Lonely.
It was a word she had always attached to herself, letting it cling to her uncomfortably like a wet shirt after a torrential downpour. It made her uncomfortable and slightly itchy. She shifted to get used to the feeling, but despite the longevity of it, she could never grow used to the discomfort.
Through the years, she grew into the aching feeling. She could never rise to her full stance as time wore on and at the ripe age of sixteen, she was beginning to feel the crushing weight of breathing every morning when she woke up. It wouldn’t let on as the days passed and she was beginning to break under the pressure of it.
This particular morning as she sat at the kitchen table hiding behind a box of freezer burnt egos, her parents sat before her. She realized where the sadness was bred.
Her mother, a crouched woman at the age of forty-seven looked about ten years older when you took in the creases in her forehead and the bent look of her. She hadn’t genuinely smiled in years and constantly had that lost look of wonder in her eyes – except she wasn’t imagining a great adventure, she was thinking how many miles she wished she could put between herself and this kitchen table. It was a fantasy she had never kept to herself. They say parenting isn’t for all. Her mother took to parenting and loving her child like a cloudy day to a sunny disposition. It didn’t connect well.
Her father was a stern man. He wasn’t stern in a way that was loveable and many (in particular her) wondered if he had every truly loved anyone. His purpose in her life was to criticize and blame.

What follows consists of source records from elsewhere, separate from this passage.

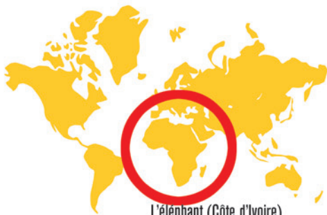
L'éléphant (Côte d'Ivoire)

Dans les animaux cités ci-dessous, il y en a un qui peut rester plus de 5 minutes sous l'eau sans respirer, sauras-tu trouver lequel? Entoure de rouge la bonne réponse.
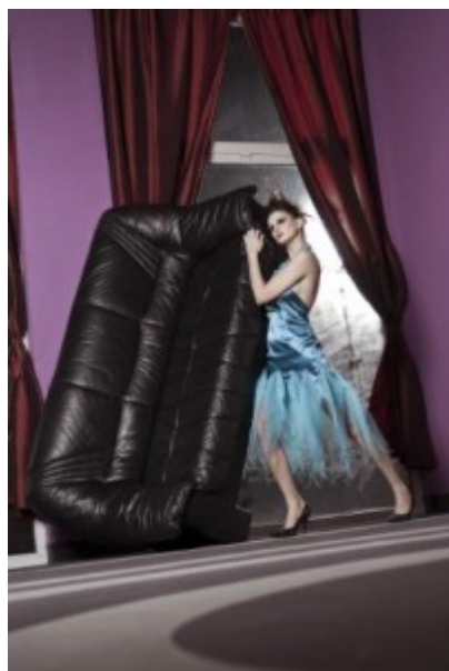
Haute couture szalont?

Természetesen. De külföldön is szeretnék majd szalont létrehozni.
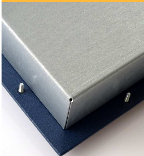
Des composants de qualité
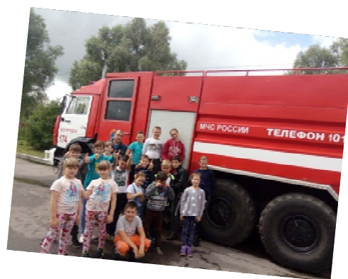
Встреча с представителем ВДПО.
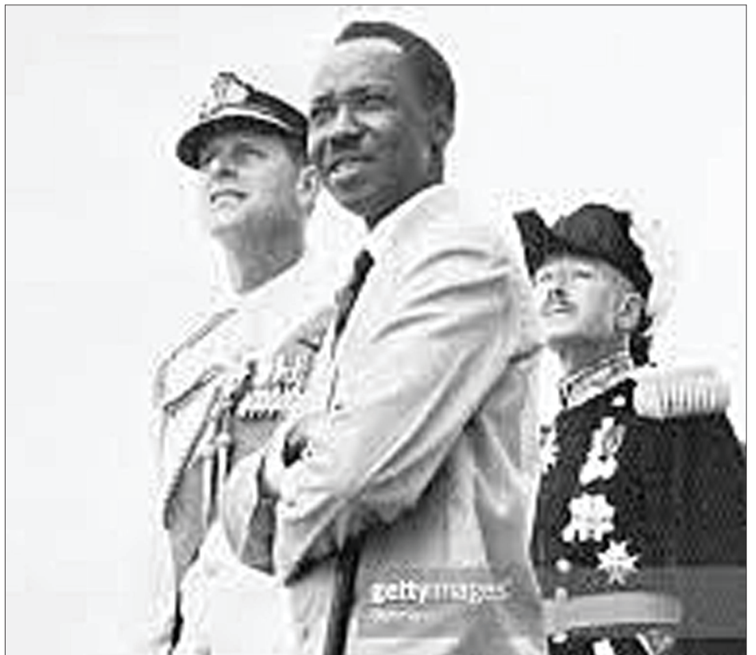
Mwalimu Nyerere akiwa na viongozi wa mkoloni wakishuhudia kushushwa bendera ya Mwingereza na kupandishwa ya Tanganyika.

Katika Hotuba hii ya 10/12/1962 Mwalimu Nyerere alisema "Uhuru tuliupigania sio tu uhuru dhidi ya mkoloni, tulitaka uhuru wa watu wetu binafsi kufanya mambo yao na kujitafutia kipato chao kwa ajili ya maisha yao yenye utu". Aliendelea kusema
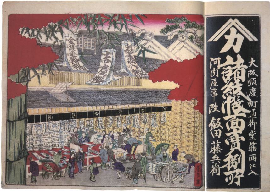
3 – Schreibwarenladen mit schwebenden, an Bambusästen hängenden Bücher- kanban ; rechts als Werbekalligrafie die Beschriftung „Alle Arten von Papierwaren“; undatierter Holzschnitt, Meiji-Zeit

tät der Ladenbesitzer einander beflügeln, zum anderen ein Massenmarkt für Güter entsteht. Für den japanischen Händler ( chōnin ) stellte der kanban ein ebenso wichtiges Symbol dar wie ein Militärbanner oder Wappen für den Samurai. 61
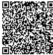
Rys. 3. Wizytówka autorki – kod QR

Za pomocą QR kodu można zapisać m. in. adres URL witryny, jakiegokolwiek tekst, numer telefonu, adres e-mail, vCard (wizytówka zawierająca imię, nazwisko oraz dane kontaktowe – rys. 3), SMS (numer telefonu, wiadomość), notatkę dotyczącą wydarzenia (nazwa, data oraz czas trwania, opis), współrzędne geolokalizacji (m.in. restauracji, hoteli), wifi network (SSID, hasło, typ sieci).
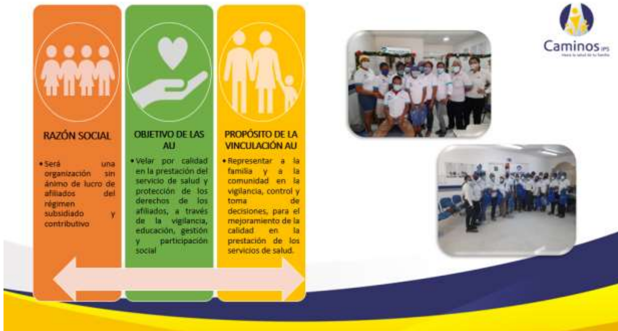
Imagen 3. Objetivos de la Alianza de Usuarios.

Así mismo, se detallan generalidades de la Alianza de Usuarios, su relevancia en la toma de decisiones para la organización, así como los retos y desafíos que se tejen como responsables de la protección y defensa del usuario, así como en los componentes de educación, información permanente y la participación. Así mismo se desarrolla el objetivo de la Alianza, la cual propenderá por la vigilancia en la calidad de los servicios y la defensa de los derechos de los usuarios de los servicios de salud.
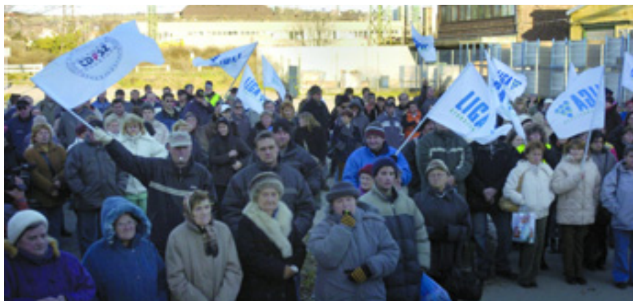
TÜNTETÉS A GENERAL ELEKTRIC VÁCI ÜZEME ELŐTT AZ ELBOCSÁTÁSOK ELLEN

Az ígéretet, az új modern gyártósorok ígéretet maradtak. Hoztak ugyan új gyártósorokat a bezárt angliai üzemből, de a több mint harmincéves korú gépeket jóindulattal még újszerűnek sem lehetett nevezni. Ezeket a le-
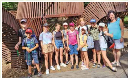
15 juin: sortie du Madep de Vex au parc Western City de Martigny.
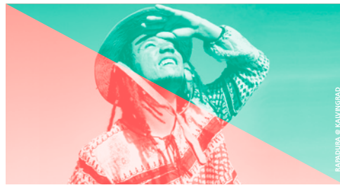
RAPADURA © KALVINGRAD

♦ KALVINGRAD | 21H | 12CHF RAPADURA | hip-hop | BR KEMAR | hip-hop dj set | CH

I love you hadn’t been spoken in over a year and every conversation either ended with tears or with a sticky feeling of disappointment on both ends. It was a feeling she had to peel off of her and every few hours she would find a smudge to aggressively wipe away.
Not being loved or being good enough held its weight in her heart. As she chewed the freezer burnt waffles, she felt the hollowness in her chest. She had to be making a big deal out of nothing. She was being dramatic. That was what her father would tell her anyway. Her mother would avoid the subject and leave the room. So, she stuffed the feeling down. Unable to fully let it come to the surface because to do so would add to the feeling. And she didn’t think she could take any more at the moment.
Anchoring herself to the freezer burnt waffle, her burnt out soul find some solitude in the like item. Both spent and much to quickly.
Soon the table emptied, and the day wore on. The three lost souls making their usual patterns around the shared space and not a single one uttering what was burning deep inside because lonely was their way.
It was all she had ever known, how to orbit this house feeling light years away from her neighbors. At least they were lonely together.